The rock ‘n’ roll, science fiction spectacle of “Little Shop of Horrors” opens the inaugural season for the state-of-the-art theatre. Corey Ewan, Ph.D., directs the play and is thrilled to be in this new space. “We have waited a long time for this type of performance space. We are now on par with any college/university in the state.” The theater is also the only fully functioning, LED space in Utah’s higher education system.
“Little Shop of Horrors” is the classic, nerdy boy meets pretty girl, nerdy boy falls for unattainable girl (because of her pain and nitrous-oxide-loving-dentist boyfriend), meets man eating, alien plant who grants him his every desire in return for feeding it a “secret formula.” Basically a story we can all associate with, right? Little Shop is a throw back to the science fiction films of the ‘50s, but with a catchy-tune-filled score.
The cast includes Price natives, Ben Jones and Christian Johnson as Audrey II, appearing on alternating nights. They performed in last year’s, “Les Miserables.” “They are absolutely hilarious with the role and the music,” Ewan says.
The love-struck couple is played by Heather Bone, from Spring Glen, who is Audrey and Donnie Owen, from Panguich, who is Seymour Krelbourn, the boy with the plant. “They are delightful and have great vocal moments; very heartfelt and sad, with a sly sense of humor, Ewan said.

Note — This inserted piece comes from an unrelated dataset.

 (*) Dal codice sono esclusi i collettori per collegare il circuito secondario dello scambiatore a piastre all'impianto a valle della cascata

Cameron “Bacon” West, from Mona, plays Mr. Mushnik, the owner of the failing florist shop that becomes Audrey II’s home. Josh Bone, from Spring Glen, plays Orin Scrivello, D.D.S., a sadistic, gas-guzzling dentist.
Playing the Ronettes, a kind of Greek Chorus, ‘60’s-girl group that rounds out the cast include Chloe Clark, Stansbury Park; Jennifer Thomas, Castle Dale; and Rhiannon Bradley, Price; visualize this group as Hercules’ muses. There are a number of past actors in the chorus as well as some new faces.

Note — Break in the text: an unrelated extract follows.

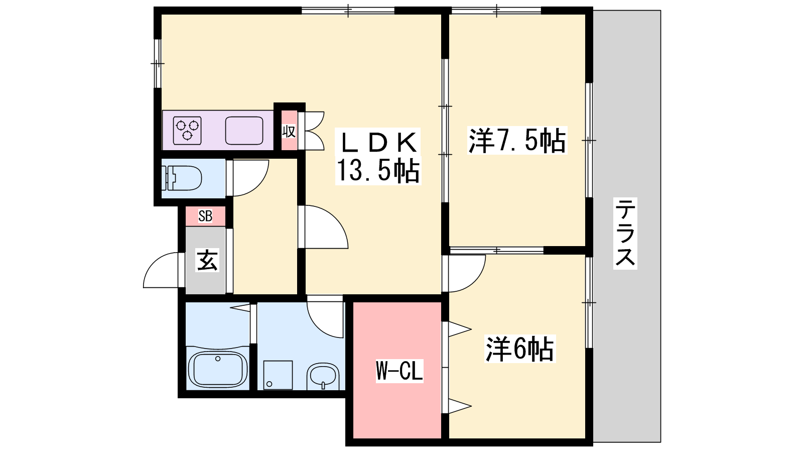 - LDK13.5帖、洋室7.5帖、洋室6帖

Ewan says the cast has worked incredibly hard on this production. “This group is here from 6 to 10 p.m. every night, working in a new venue, with equipment we have to break in.
“It has had its challenges: an overheated theater, missing light board, orchestral score that has just been out of reach. We have been beset with difficulties not unlike the opening of new amusement parks, some of the rides just don’t want to run; it takes time and patience. Like the character in Shakespeare in Love when asked how the show will go on despite all of the calamities he replies, ‘It’s a mystery,’ I can say the same thing. Somehow it all comes together.“
Brent Innes created a world in which the characters can inhabit and truly become part of. “Although minimal in scale to accommodate our larger cast, Innes created Skid Row, the setting for Little Shop. Brick walls, street corners and a phone booth symbolically putting us into this musical world where hope is at a premium. Yet in this depressing setting, the colors and graffiti on the walls help remind us that this is a comedic world as well. Audience members will find themselves so close to the action that they might get up and sing with the cast,” Ewan said.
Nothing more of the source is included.